The various types of myelodysplastic syndromes include several subtypes, including:
- Refractory anemia with ringed sideroblasts. The red cells that persist have a ring of iron around them.
- Refractory cytopenia with unilineage dysplasia. The red blood cells are usually the cells affected with other cell types in the blood unaffected.
- Refractory cytopenia with multilineage dysplasia. In this type, platelets, red blood cells and white blood cells are affected.
- Refractory anemia with excess blasts. This can involve any type of blood cell and the blood cells come out immature.
- Myelodysplastic syndrome, unclassified. There are reductions in all types of red blood cells and at least one of these types has an abnormal appearance under the microscope.
- Myelodysplastic syndrome with isolated del(5q) abnormality. In this case, a specific chromosomal defect has been found and the defect is mostly in the red blood cells.
You have a greater risk of developing a myelodysplastic syndrome if you are older than sixty years of age, if you are male, if you have had previous chemotherapy or radiation, if you have been exposed to tobacco smoke, benzene or pesticides, or if you have been exposed to heavy metals such as mercury and lead.
There are several complications with myelodysplastic syndromes including recurrent infections from poor white blood cells or reduced numbers of white blood cells, anemia secondary to low red blood cell count or bleeding from a low platelet count. Occasionally, people with myelodysplastic syndromes come down with secondary leukemia-or cancer of the bone marrow.
Tests for myelodysplastic syndromes include blood tests in which the total numbers of cells are counted and the cells are looked at to see if there are abnormalities of the cells. This can be done using a peripheral blood smear. Doctors can also do a bone marrow analysis to see what cells are being put out by the bone marrow and what those blood cells look like.
There is no complete cure for myelodysplastic syndromes. There is good supportive care, however, which can make a person with a myelodysplastic syndrome feel better. This can include blood transfusions which can replace red blood cells, platelets or white blood cells when the count is too low.
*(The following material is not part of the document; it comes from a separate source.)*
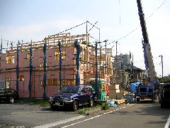 本日は木造建て方です。この日は建売3棟現場の2棟を建てましたが前面道路が自由に使えたので助かりました。鳶さんお疲れ様でした。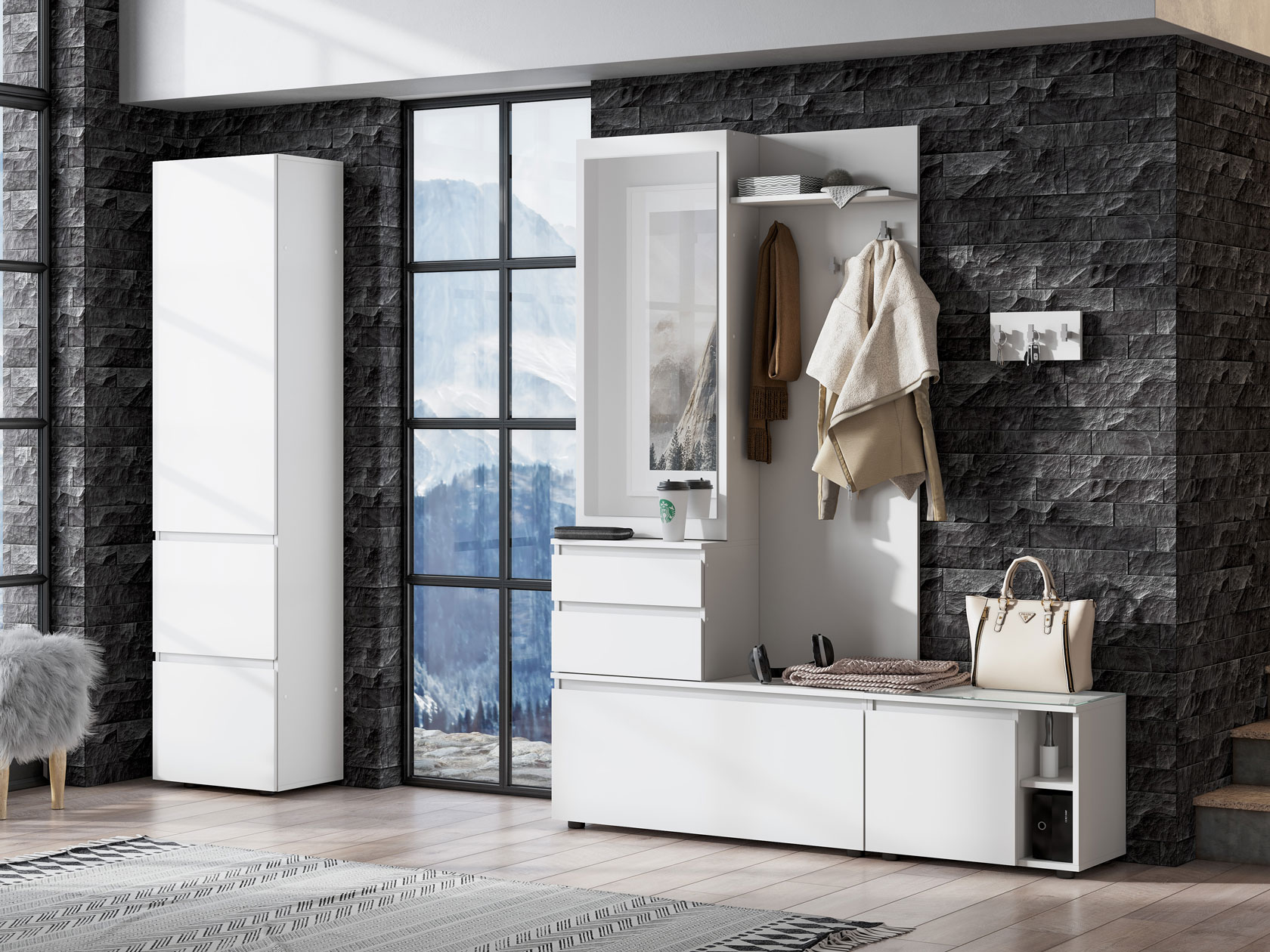 Лаконичные фасады с интегрированными ручками не перегружают интерьер. Благодаря разнообразию мест для хранения можно распределить вещи по категориям: сезонная и верхняя одежда, обувь, сумки, аксессуары. Открытая вешалка с крючками добавит удобства. Зеркальная дверца на одном из фасадов визуально расширит пространство и позволит оценить внешний вид.

Medications are used in some cases, which include growth factors that increase the number of cells made. This includes erythropoietin and darbepoietin. Medications are available that stimulate the maturation of red blood cells or other cells. These include Vidaza and Dacogen. It can help delay the progression of the disease to leukemia. Immunosuppressors can be used to block the immune systems actions on myelodysplastic syndromes. There are specific medications for those myelodysplastic syndromes associated with a specific genetic abnormality.
Some people can get a bone marrow transplant or a stem cell transplant. Chemotherapy destroys your sick bone marrow and then healthy bone marrow is infused into the blood where it travels to the bone marrow to take up what the old cells used to do. It is a risky procedure to do, even in the healthiest of people.